It has been a while since my last update. A lot of things have changed over the last 5 months. I added a paintball CO2 system about a month ago with drastic plant growth. I added some Murdannia keisak, 4 Amano shrimp to stave off BBA, removed all Weeping Moss and Mini pellia (they did not like this tank). I also added 6 donated Dwarf Neon Rainbows (that spawn regularly) and I have several babies growing in different tanks now.

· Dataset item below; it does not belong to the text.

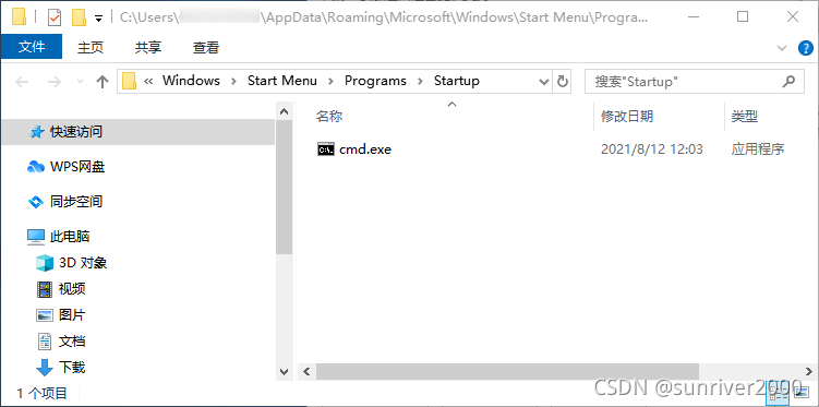 2、将需要开机自动运行的任意东西,程序、文件夹都可以,复制到该文件夹中即可实现开机自动运行。
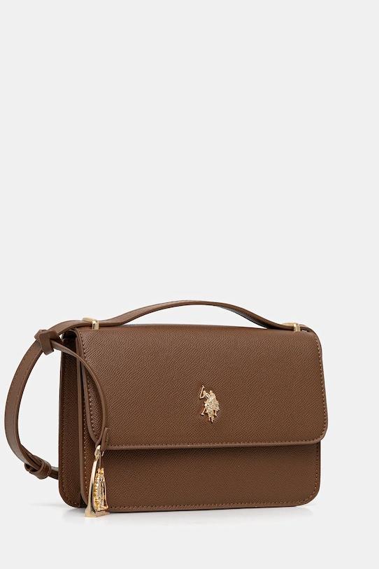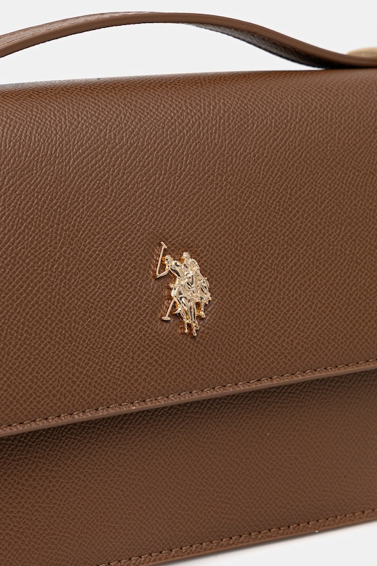 Маленькая сумочка из коллекции U.S. Polo Assn.. Модель на молнии, выполнена из экокожи. - Не подходит для формата А4. - Входящий в комплект тканевый чехол защищает изделие от пыли. - Клапан застегивается на магнит. - Имеет внутренние карманы, в том числе один на молнии. - Несъемный, регулируемый ремешок. - В комплект модели входит брелок. - Высота: 13,5 см. - Глубина: 6 см. - Ширина у основания: 18 см. - Минимальная длина ремешка: 107 см. - Максимальная длина ремня: 122 см.

I will now move onto some pictures of the tank after a water change and a trim.

Top down shots:














































Shots from the front:























































Thanks you for looking!

Best regards,

Stuart

Sent from my iPhone using Tapatalk


----------



## SeaHorse_Fanatic (Apr 22, 2010)

What a transformation. Great job Stuart


----------



## Mark Brown (Jan 21, 2017)

It's amazing to watch an empty glass box turn into that. Excellent work.


----------



## Jousters (Jan 16, 2014)

Awesome looking tank Stuart.Are the Dwarf Neon Rainbows from Laurie?


----------



## CRS Fan (Apr 21, 2010)

SeaHorse_Fanatic said:


> What a transformation. Great job Stuart


Thank you Anthony. I'm liking the way it is growing in.



Mark Brown said:


> It's amazing to watch an empty glass box turn into that. Excellent work.


Hello Mark. I'll be updating this and some other tanks more often hopefully.



Jousters said:


> Awesome looking tank Stuart.Are the Dwarf Neon Rainbows from Laurie?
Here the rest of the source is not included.